(SOURCE DATA begins)
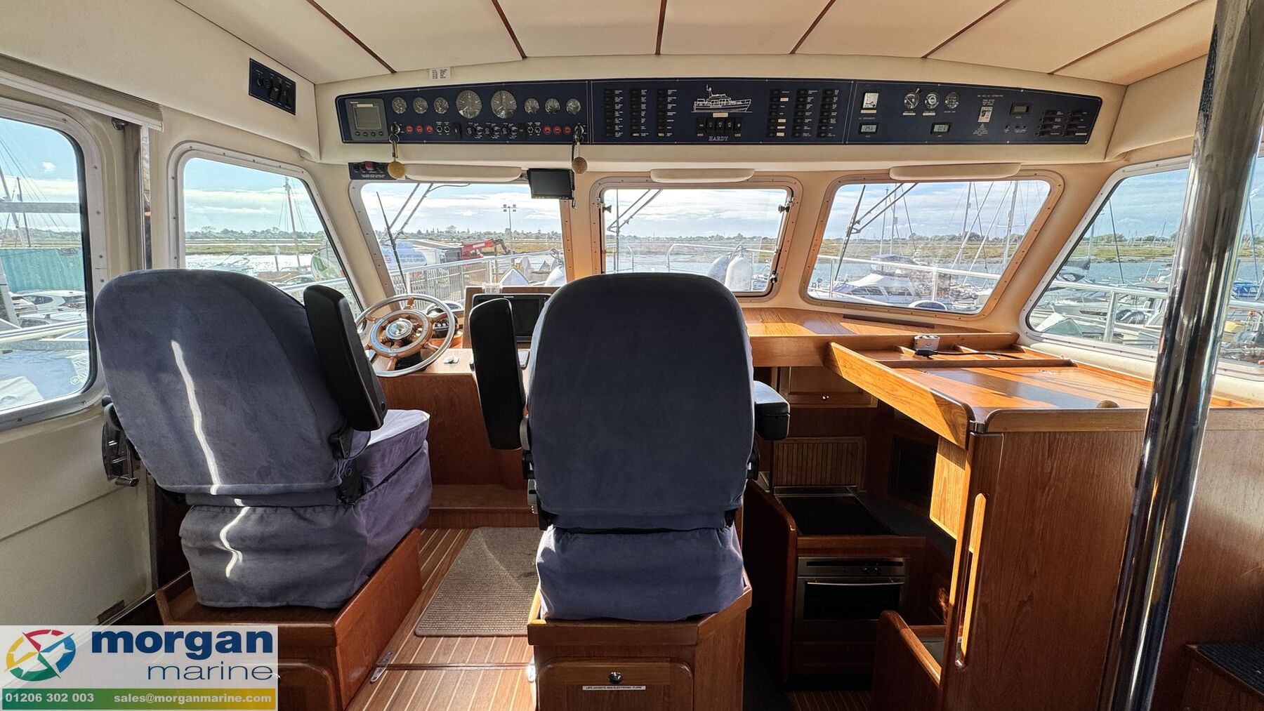Just arrived at Morgan Marine, the 2003 Hardy Commodore 42 Flybridge is an exceptional example of a versatile and capable offshore cruiser. Powered by twin Yanmar 420hp 6LY2M STE inboard diesel engines on shaft drives, with the added benefit of a bow thruster, she offers both power and precision on the water. Presented in fantastic condition with a huge amount of upgrades and service history, Himalia combines striking looks with outstanding seakeeping ability, making her a true all-rounder. Step on board and you’ll find accommodation for five across three cabins, a spacious saloon with panoramic 360-degree views, and a fully equipped galley designed for comfort at sea. She comes loaded with premium features, including Raymarine autopilot, four modern Raymarine chart plotters, Raymarine VHFs, a fully serviceable generator, diesel heating, an electric windlass with helm and flybridge controls, a rear digital camera, and much more. With a cruising speed of 15–20 knots and the ability to reach up to 25 knots, this boat delivers performance to match her style, cutting effortlessly through the waves. Backed by a solid service history and complete title paperwork, Himalia is a rare opportunity that won’t stay on the market for long. Early viewing is strongly recommended - Contact Morgan Marine today to arrange yours.
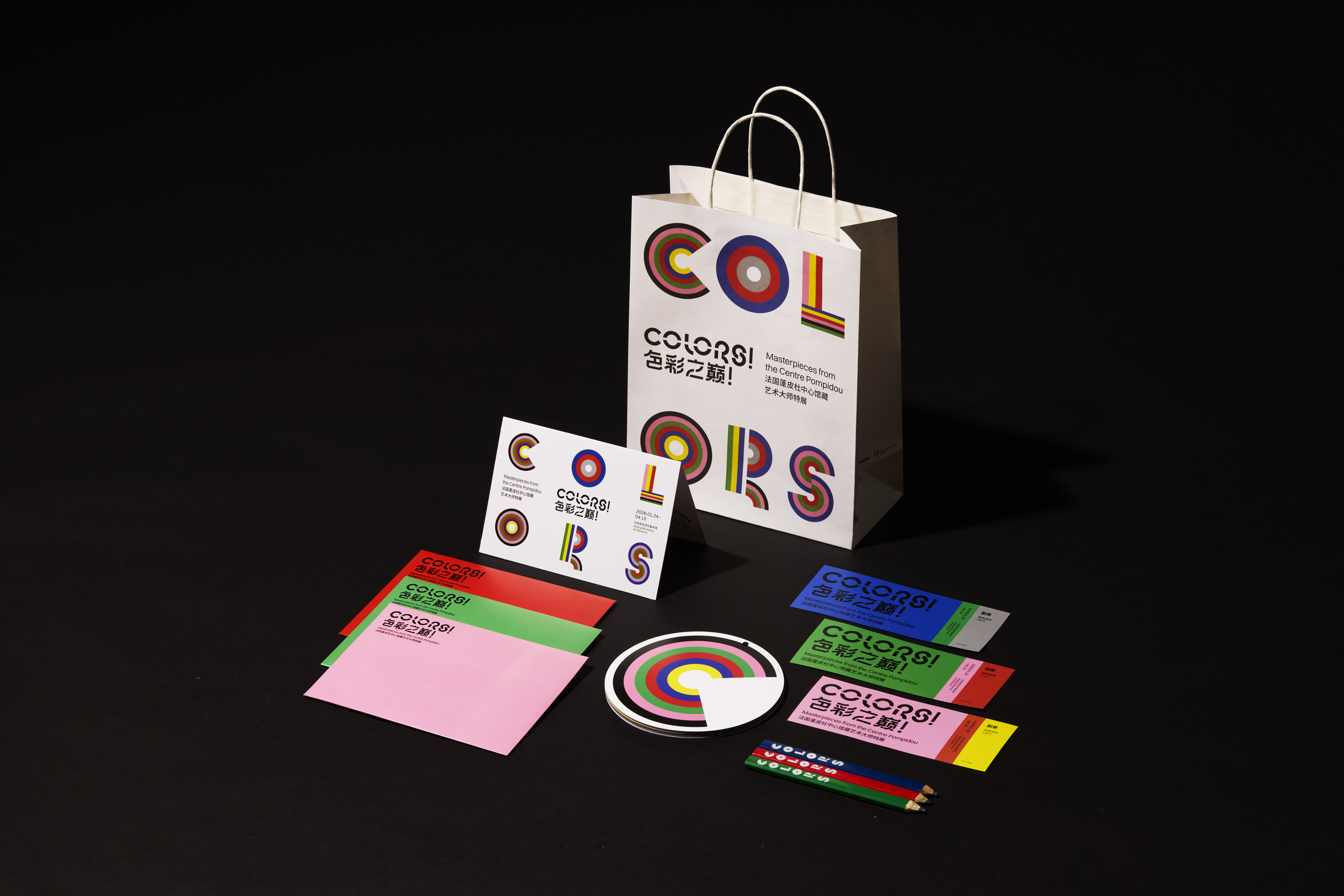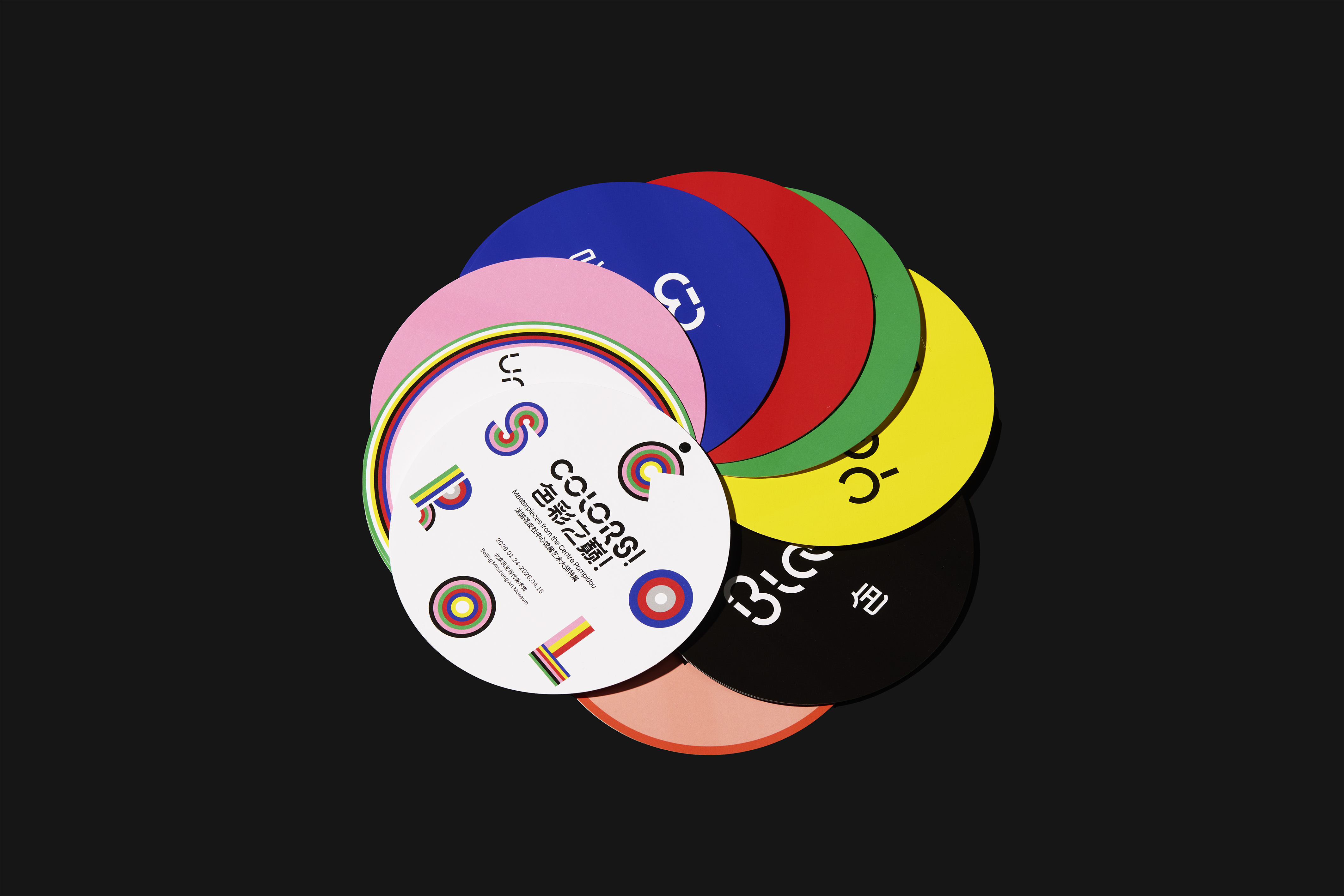 Visual identity design for the exhibition “COLORS! Masterpieces from the Centre Pompidou”, which explores modern art through seven colors: blue, red, pink, yellow, white, black and green. We transformed the colorful stripes into the letters of “colors” arranged in circular shapes to match the exhibition design.
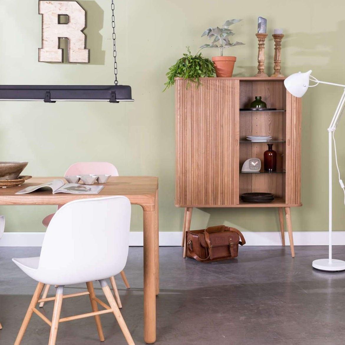 Skříňka byla vyrobena z odolné MDF desky pokryté jasanovým dřevem. Nohy jsou vyrobeny z masivního kaučukového dřeva. Barbier krásně doplní interiér jídelny, kanceláře nebo předsíně. Navíc vytvoří jedinečnou aranžaci s ostatním nábytkem ze stejné série.
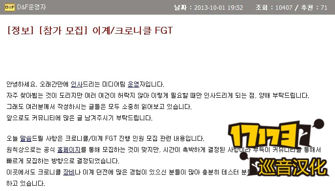 这次NX在10月12日和13日(周六周日)举行大规模FGT,主要招募对象是中高端玩家:一般喜欢在韩服DNF门户网站DF**和daum ruliweb的玩家,并且要求很多满级号和游戏经历(玩的越久越好)。
(SOURCE DATA ends)
_EXERCISE OBJECTIVE_: Any images must be left out; transcribe the rest of the material exactly.

_ANSWER TO THE EXERCISE_:
Just arrived at Morgan Marine, the 2003 Hardy Commodore 42 Flybridge is an exceptional example of a versatile and capable offshore cruiser. Powered by twin Yanmar 420hp 6LY2M STE inboard diesel engines on shaft drives, with the added benefit of a bow thruster, she offers both power and precision on the water. Presented in fantastic condition with a huge amount of upgrades and service history, Himalia combines striking looks with outstanding seakeeping ability, making her a true all-rounder. Step on board and you’ll find accommodation for five across three cabins, a spacious saloon with panoramic 360-degree views, and a fully equipped galley designed for comfort at sea. She comes loaded with premium features, including Raymarine autopilot, four modern Raymarine chart plotters, Raymarine VHFs, a fully serviceable generator, diesel heating, an electric windlass with helm and flybridge controls, a rear digital camera, and much more. With a cruising speed of 15–20 knots and the ability to reach up to 25 knots, this boat delivers performance to match her style, cutting effortlessly through the waves. Backed by a solid service history and complete title paperwork, Himalia is a rare opportunity that won’t stay on the market for long. Early viewing is strongly recommended - Contact Morgan Marine today to arrange yours.
 Visual identity design for the exhibition “COLORS! Masterpieces from the Centre Pompidou”, which explores modern art through seven colors: blue, red, pink, yellow, white, black and green. We transformed the colorful stripes into the letters of “colors” arranged in circular shapes to match the exhibition design.
 Skříňka byla vyrobena z odolné MDF desky pokryté jasanovým dřevem. Nohy jsou vyrobeny z masivního kaučukového dřeva. Barbier krásně doplní interiér jídelny, kanceláře nebo předsíně. Navíc vytvoří jedinečnou aranžaci s ostatním nábytkem ze stejné série.
 这次NX在10月12日和13日(周六周日)举行大规模FGT,主要招募对象是中高端玩家:一般喜欢在韩服DNF门户网站DF**和daum ruliweb的玩家,并且要求很多满级号和游戏经历(玩的越久越好)。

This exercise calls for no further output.